# Activity
Write out the records below from the first line through the line containing "Для пауэрбанка упоминается", leaving out any pictures.

(Stored entries)
=== Begin Enclosure ===

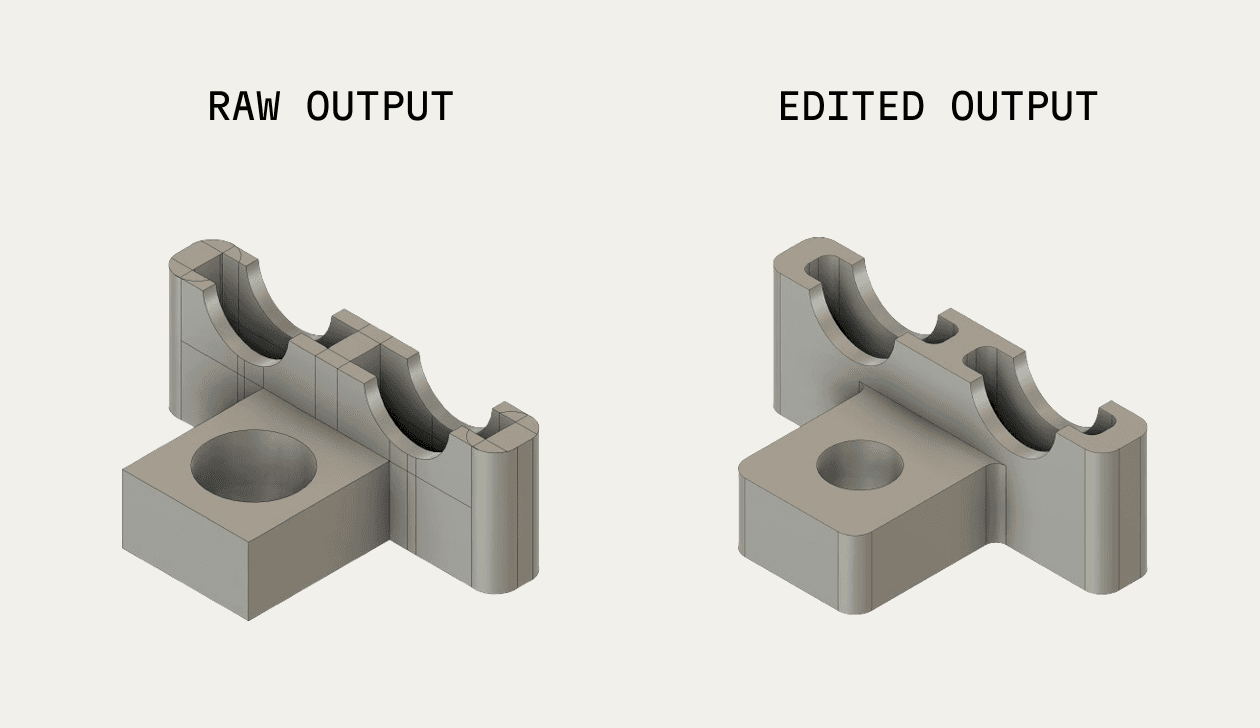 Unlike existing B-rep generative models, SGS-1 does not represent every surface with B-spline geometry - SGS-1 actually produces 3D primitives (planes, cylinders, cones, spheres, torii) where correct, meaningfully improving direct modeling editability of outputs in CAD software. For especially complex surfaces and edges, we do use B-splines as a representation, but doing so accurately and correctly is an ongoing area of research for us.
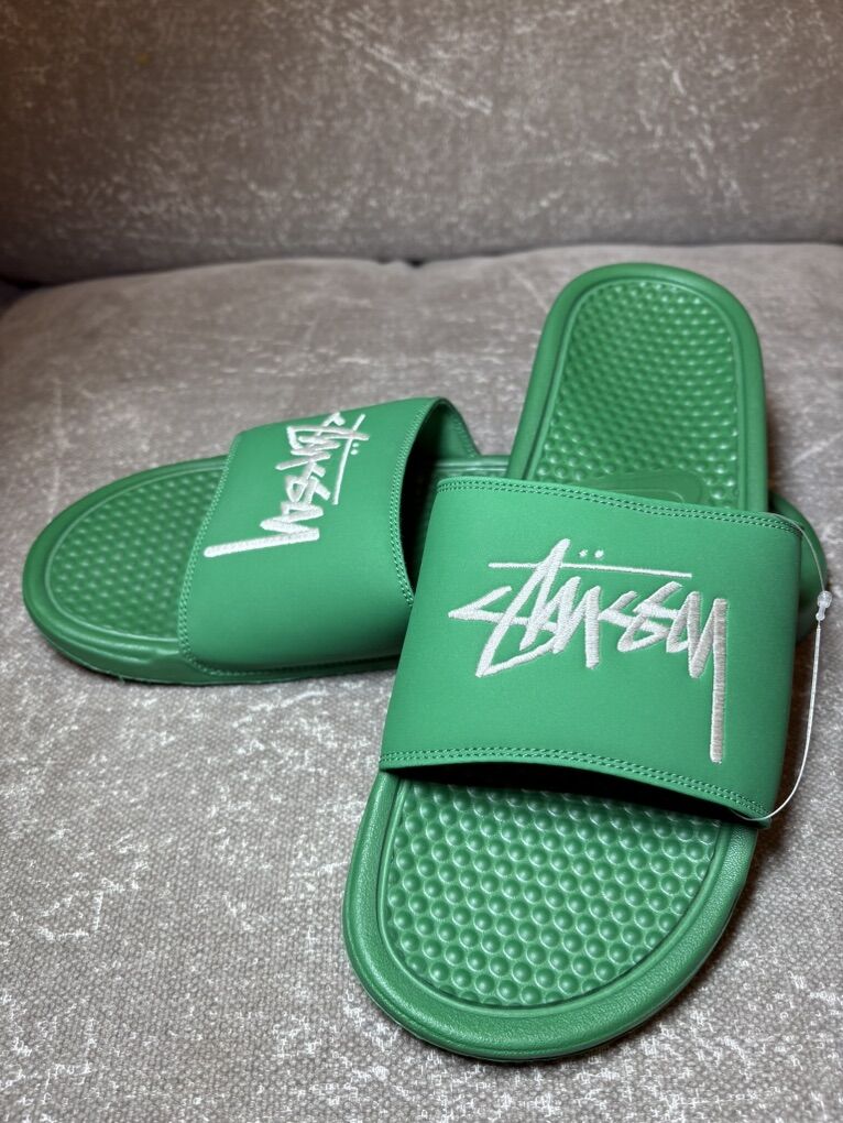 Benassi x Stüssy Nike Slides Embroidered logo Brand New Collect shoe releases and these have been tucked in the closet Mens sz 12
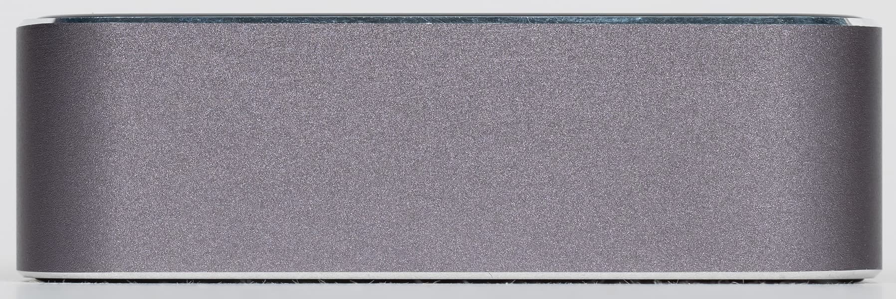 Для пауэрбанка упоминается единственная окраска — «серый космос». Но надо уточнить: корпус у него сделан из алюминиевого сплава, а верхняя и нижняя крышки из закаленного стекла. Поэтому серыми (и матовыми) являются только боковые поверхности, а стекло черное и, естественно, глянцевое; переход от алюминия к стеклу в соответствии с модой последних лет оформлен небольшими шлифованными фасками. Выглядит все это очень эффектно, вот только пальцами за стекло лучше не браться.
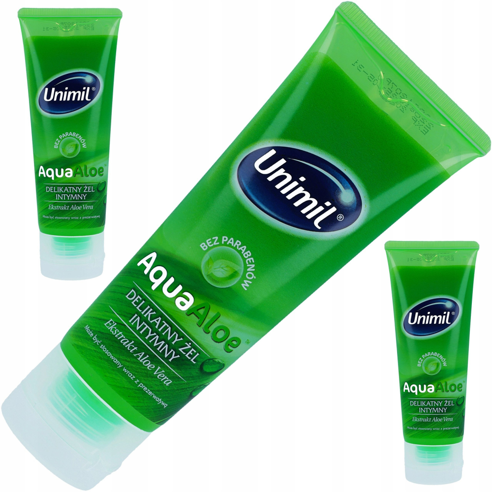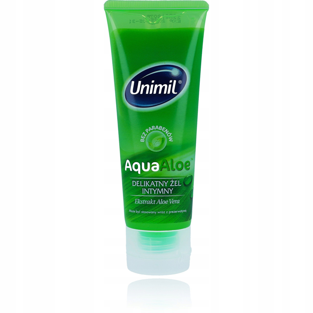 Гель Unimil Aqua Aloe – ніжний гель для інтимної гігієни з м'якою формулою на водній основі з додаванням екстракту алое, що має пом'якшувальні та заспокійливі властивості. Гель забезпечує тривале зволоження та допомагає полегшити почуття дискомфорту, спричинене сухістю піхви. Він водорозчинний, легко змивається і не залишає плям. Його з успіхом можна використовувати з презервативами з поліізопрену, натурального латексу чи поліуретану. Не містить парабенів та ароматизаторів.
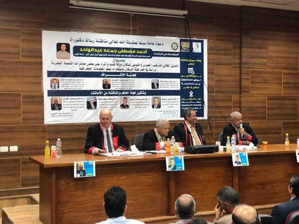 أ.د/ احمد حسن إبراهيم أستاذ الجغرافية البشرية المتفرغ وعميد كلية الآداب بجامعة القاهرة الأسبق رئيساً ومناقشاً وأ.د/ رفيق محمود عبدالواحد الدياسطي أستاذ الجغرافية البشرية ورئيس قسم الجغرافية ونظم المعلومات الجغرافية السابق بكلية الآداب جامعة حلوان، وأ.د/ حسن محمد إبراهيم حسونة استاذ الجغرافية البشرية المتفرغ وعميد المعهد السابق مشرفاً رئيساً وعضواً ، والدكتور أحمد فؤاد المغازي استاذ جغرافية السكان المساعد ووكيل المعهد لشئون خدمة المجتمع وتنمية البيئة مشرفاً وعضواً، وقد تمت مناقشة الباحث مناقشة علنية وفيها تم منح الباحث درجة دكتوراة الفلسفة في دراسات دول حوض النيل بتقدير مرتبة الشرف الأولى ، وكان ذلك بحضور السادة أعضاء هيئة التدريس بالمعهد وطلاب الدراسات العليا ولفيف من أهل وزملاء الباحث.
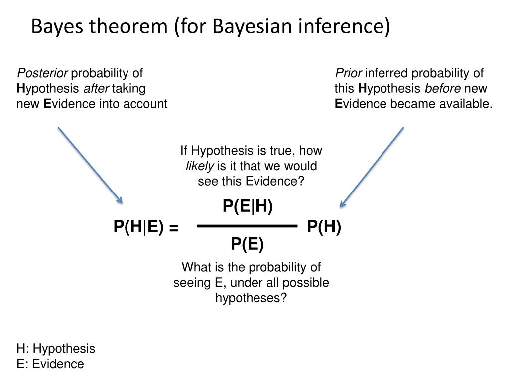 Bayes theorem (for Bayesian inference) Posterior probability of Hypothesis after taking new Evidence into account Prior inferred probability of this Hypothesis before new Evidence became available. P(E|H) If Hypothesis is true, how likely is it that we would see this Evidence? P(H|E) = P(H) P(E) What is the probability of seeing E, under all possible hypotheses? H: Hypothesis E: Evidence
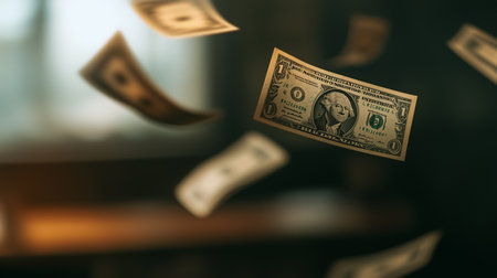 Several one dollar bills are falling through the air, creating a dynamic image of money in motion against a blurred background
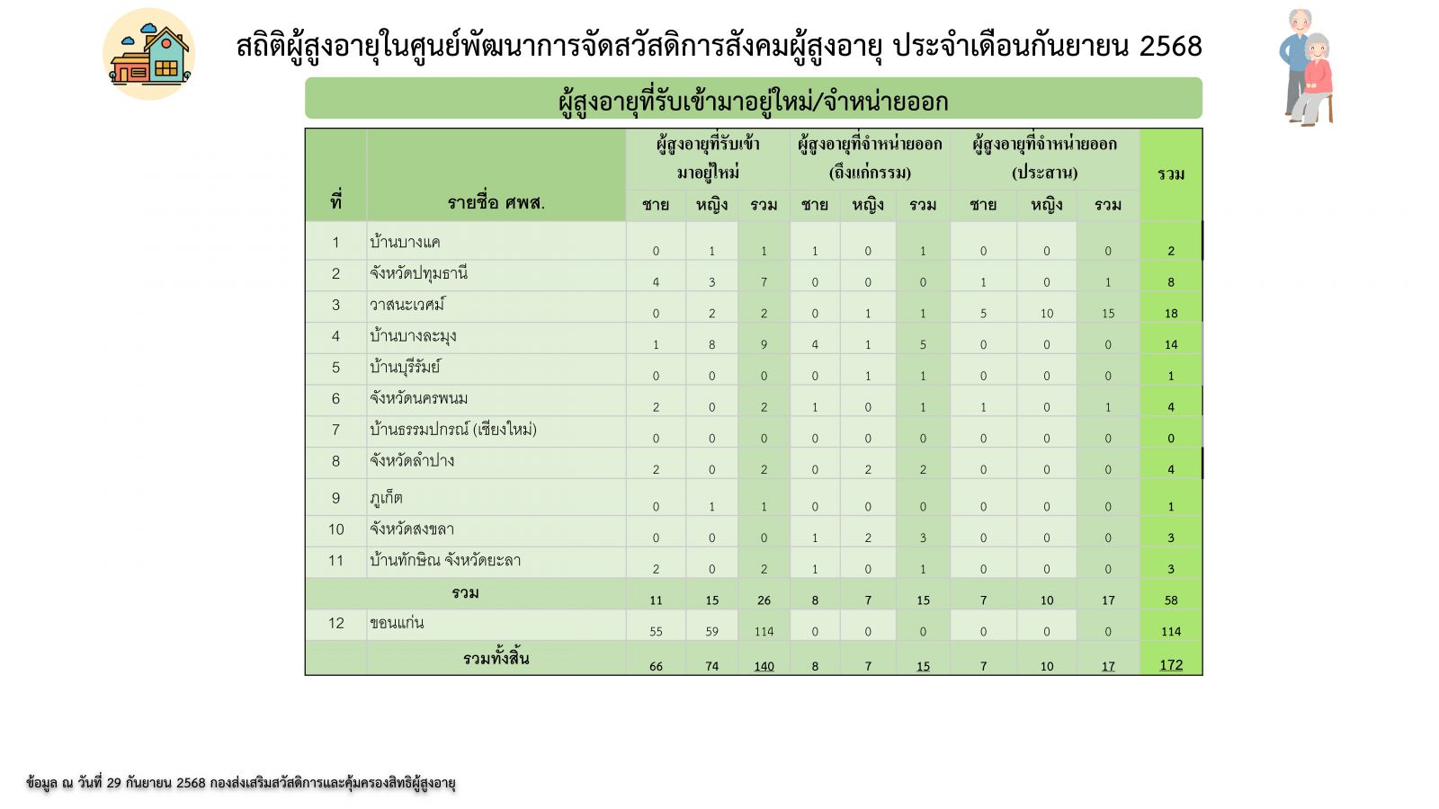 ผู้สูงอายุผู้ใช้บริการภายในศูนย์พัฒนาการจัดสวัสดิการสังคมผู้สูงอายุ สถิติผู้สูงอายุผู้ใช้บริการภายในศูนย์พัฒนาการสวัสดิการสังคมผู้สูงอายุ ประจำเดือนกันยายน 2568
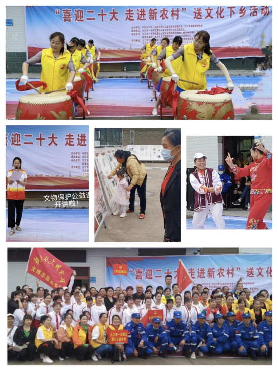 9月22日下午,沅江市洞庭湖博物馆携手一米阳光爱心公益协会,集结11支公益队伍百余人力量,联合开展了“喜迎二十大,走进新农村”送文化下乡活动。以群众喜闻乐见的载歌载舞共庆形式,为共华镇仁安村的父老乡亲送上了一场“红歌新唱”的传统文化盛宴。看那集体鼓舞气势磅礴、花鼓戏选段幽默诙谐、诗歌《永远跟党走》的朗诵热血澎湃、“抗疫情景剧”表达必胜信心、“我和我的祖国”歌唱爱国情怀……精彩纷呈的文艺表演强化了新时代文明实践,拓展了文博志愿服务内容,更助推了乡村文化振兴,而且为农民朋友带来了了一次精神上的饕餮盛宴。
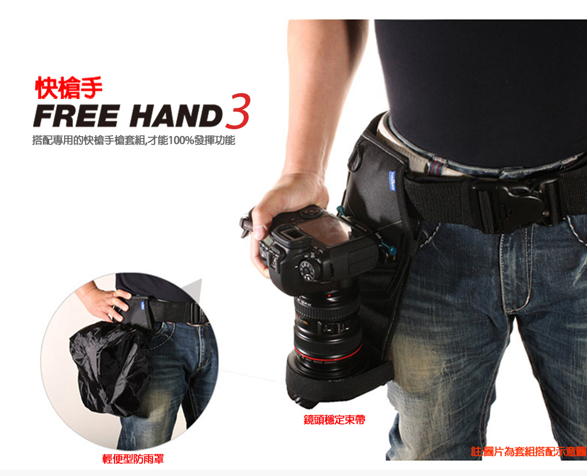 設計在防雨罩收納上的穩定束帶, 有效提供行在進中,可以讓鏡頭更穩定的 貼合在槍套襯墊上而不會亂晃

=== End Enclosure ===

# Expected output
 Unlike existing B-rep generative models, SGS-1 does not represent every surface with B-spline geometry - SGS-1 actually produces 3D primitives (planes, cylinders, cones, spheres, torii) where correct, meaningfully improving direct modeling editability of outputs in CAD software. For especially complex surfaces and edges, we do use B-splines as a representation, but doing so accurately and correctly is an ongoing area of research for us.
 Benassi x Stüssy Nike Slides Embroidered logo Brand New Collect shoe releases and these have been tucked in the closet Mens sz 12
 Для пауэрбанка упоминается единственная окраска — «серый космос». Но надо уточнить: корпус у него сделан из алюминиевого сплава, а верхняя и нижняя крышки из закаленного стекла. Поэтому серыми (и матовыми) являются только боковые поверхности, а стекло черное и, естественно, глянцевое; переход от алюминия к стеклу в соответствии с модой последних лет оформлен небольшими шлифованными фасками. Выглядит все это очень эффектно, вот только пальцами за стекло лучше не браться.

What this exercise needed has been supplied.